The Department of Health and Human Service (HHS) General Accounting Office (GAO) completed a study on the use of smartcards to prevent fraud in Medicare. Their findings were that the use of smartcards would completely or partially prevent 22% of Medicare fraud, which in their minds did not support the cost or inconvenience of implementing a smartcard program. They stated most Medicare fraud (about 68% of the cases) included more than one scheme with 61% including two to four schemes. The most common health care fraud schemes were related to fraudulent billing, such as billing for services that were not provided and billing for services that were not medically necessary. They determined that having a smartcard would not have prevented these types of fraud because the patient was present and did actually receive some type of care.

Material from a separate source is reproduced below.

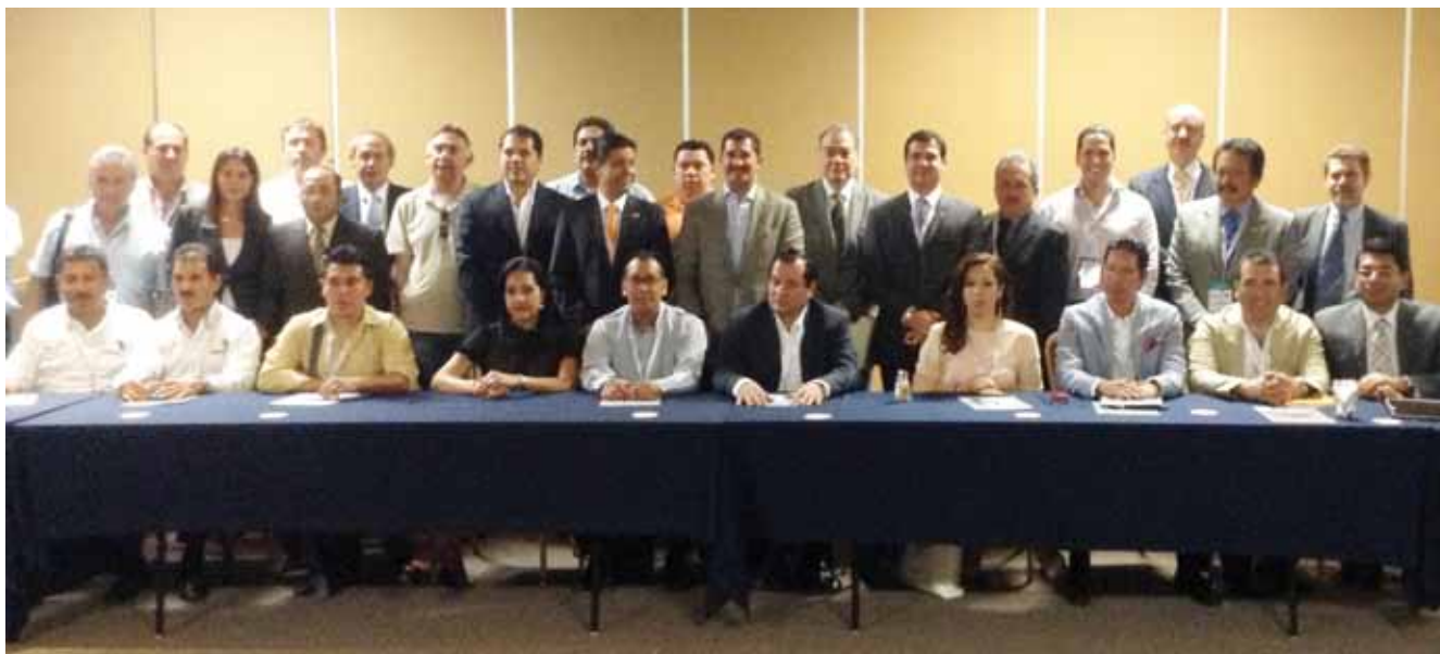
Integrantes del Consejo Directivo

señalando los principales resultados del proceso de modernización seguido por su municipio en el tema del catastro. El Tesorero Municipal de Atizapán de Zaragoza, Estado de México, presentó la ponencia denominada "Profesionalización y Certificación de Tesoreros Municipales", en la cual ponderó las ventajas que representan los procesos de capacitación y profesionalización de los responsables financieros en los Ayuntamientos del país.

The question that the HHS GAO study did not consider was patient safety. I realize there is a lot of Medicare fraud, that it is a great burden to our government, reducing the amount of funding available to support the Medicare program, but patient safety is also an important concern. The lack of standards for patient identification at the federal and state levels compromises patient safety and escalates health care costs. According to Healthcare Information and Management Systems Society (HIMSS), 8-14% of Electronic Health Records (EHR) have patient identity errors. The risk of an identity error increases 5% every time a record is shared among providers. Simply said, a physician relying on the wrong EHR and medical history due to an identity error can make a costly, if not deadly, decision. Having a smartcard, especially one paired with a biometric identifier like a pal- vein scan, would provide an absolute patient identity, eliminating the potential for an identity error.
Smartcards have been used in Europe for healthcare identification for over a decade. Smartcards with biometric pairing are starting to be used now in the US for healthcare identification. Medicare fraud should be a prime concern for the Center for Medicare/Medicaid Services, but I think the GAO should consider the impact on patient safety that smartcards could have before dismissing them completely.